Syrian opposition groups, meeting in Saudi Arabia to seek a unified position ahead of peace talks, decided to stick to their demand that Assad leave power, Al Arabiya television reported, following speculation they might soften their stance after their hardline leader quit.
Putin was speaking alongside Turkish President Tayyip Erdogan and Iranian President Hassan Rouhani in the southern Russian city of Sochi.
The summit at the Black Sea resort came two days after the Russian leader hosted surprise talks with the war-torn country's president, Bashar al-Assad.
"It is obvious that the reform process will not be simple, it will require compromise and concessions from all parties, including obviously the Syrian government," Putin said.
"I count on the fact that Russia, Iran and Turkey will put in their best efforts to make this work as productive as possible," he added.
Putin added that there was a "real chance" to end Syria's war which monitors say has killed more than 330,000 people as he said Russia, Turkey and Iran had managed to prevent the collapse of the war-torn country.
Turkey's Erdogan for his part said the three countries had to intensify efforts to try to settle the crisis.
"We need to make significant progress on the political solution," he said in translated remarks.
"I believe that we will make critical decisions here."
Iran's Rouhani said the three countries' strategy was "based on partnership and not competition, on friendship and not on animosity".
"By cooperating, our countries destroyed the decaying body of terror" in Syria, he said.
'It is obvious that the reform process will not be simple, it will require compromise and concessions from all parties, including obviously the Syrian government'
- Russian President Vladimir Putin
Russia claims to have practically ended the military conflict through its intervention, but the various sides in Syria are far from a political agreement.
Ahead of Wednesday's summit in Sochi, Putin discussed Syria with his US counterpart Donald Trump and Saudi Arabia's King Salman, among other leaders.
In a lengthy phone call late Tuesday, Putin and Trump stressed the need to ensure "the stability of a unified Syria," the White House said.

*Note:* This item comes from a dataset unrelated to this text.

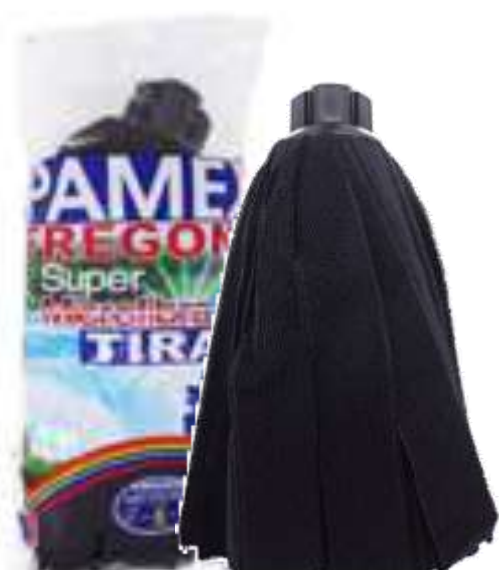
19705-CABEÇA ESFREGONA SUPER MICROFIBRAS TIRAS DARK Cx.24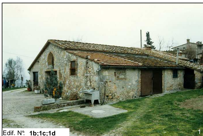
Edif. N° 1b;1c;1d

Syria is divided between forces loyal to Kremlin-allied strongman Assad, the US-backed Syrian Democratic Forces (SDF) and several militant groups and rebel units.
Multiple rounds of talks hosted by the UN have failed to bring an end to the conflict.
Other initiatives including those spearheaded by Moscow have also failed to bear much fruit.
Encouraged by military progress of the Russian and Syrian forces on the ground, Putin is hoping to breathe new life in the stuttering negotiations.
Government forces have gained the upper hand on the battlefield with Russia's help, including recent victories against the Islamic State group and a fresh drive against rebels near Damascus.
Putin said in comments released on Tuesday that "thanks to the Russian army, Syria has been saved as a state."
Moscow, Ankara and Tehran are cooperating with increasing intensity on ending the civil war, even though Turkey backs the rebels, at odds with Russia and Iran.
The Syrian president's fate remains a stumbling block, preventing global players from reaching a peace settlement.
During their phone call on Tuesday, Putin told Trump that "the Syrian leader confirmed his commitment to the political process, (and) conducting constitutional reform and presidential and parliamentary elections."
Assad said he wanted to advance negotiations.
"We don't want to look back and we are ready for dialogue with all those who want to come up with a political settlement," Assad said in translated comments.
Wednesday's summit comes ahead of parallel UN-led talks in Geneva set for 28 November.
Russia, Iran and Turkey have backed negotiations in the Kazakh capital Astana that have brought together the representatives of the opposition and the regime.
Those talks led to the creation of four so-called "de-escalation zones" that produced a drop in violence, but fighting and bombardments continued with many casualties in recent weeks.